# NEU - PCGH-High-End-PC Haswell-Edition: Core i5-4570 + Radeon HD 7950 [Anzeige]



## PCGH-Redaktion (25. Juni 2013)

Jetzt ist Ihre Meinung gefragt zu *NEU - PCGH-High-End-PC Haswell-Edition: Core i5-4570 + Radeon HD 7950 [Anzeige]*

					Wir erweitern das Sortiment mit einem weiteren Haswell-Rechner, setzen aber nicht auf eine Nvidia-, sondern eine AMD-Grafikkarte. Warum wir uns für diesen Schritt entschlossen haben, entnehmen Sie dem Artikel.

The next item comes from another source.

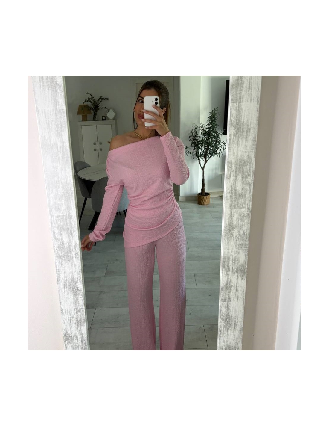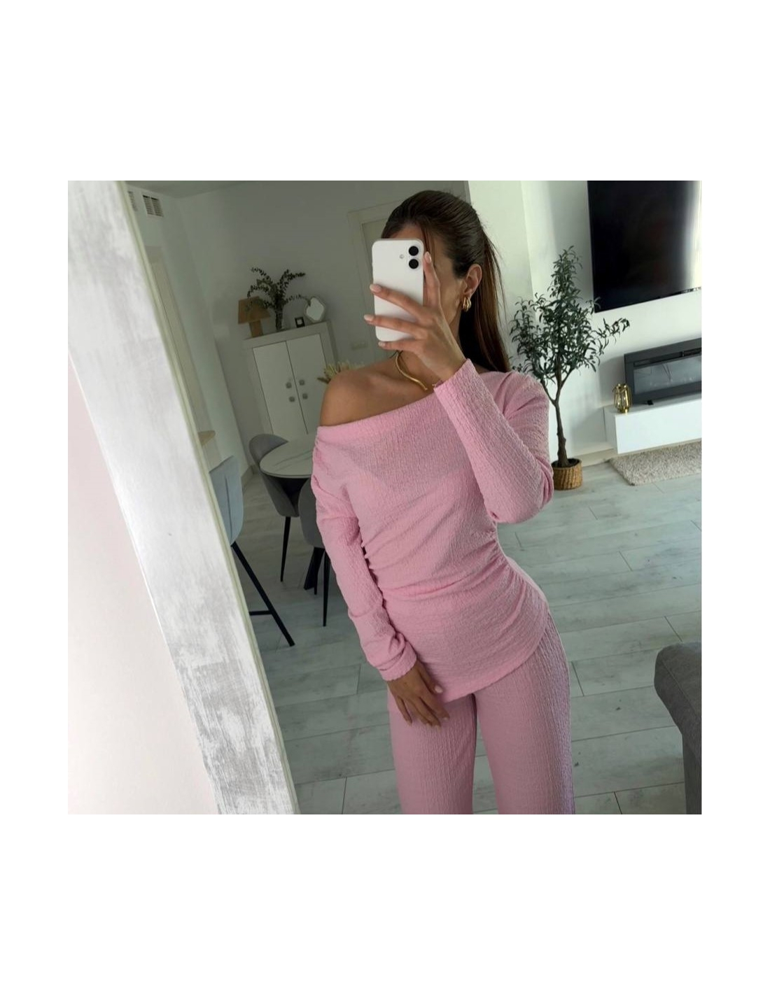 Conjunto de top más pantalón. Top con escote asimétrico, fruncido y manga larga. Pantalón de tiro alta con cintura elástica y campana. Talla única

					[size=-2]Bitte beachten Sie: Der Kommentarbereich wird gemäß der Forenregeln moderiert. Allgemeine Fragen und Kritik zu Online-Artikeln von PC Games Hardware sind im Feedback-Unterforum zu veröffentlichen und NICHT im Kommentarthread zu einer News. Dort werden sie ohne Nachfragen entfernt. Sollten Sie Fehler in einer News finden, schicken Sie diese bitte an online@pcgameshardware.de mit einem aussagekräftigen Betreff.[/size]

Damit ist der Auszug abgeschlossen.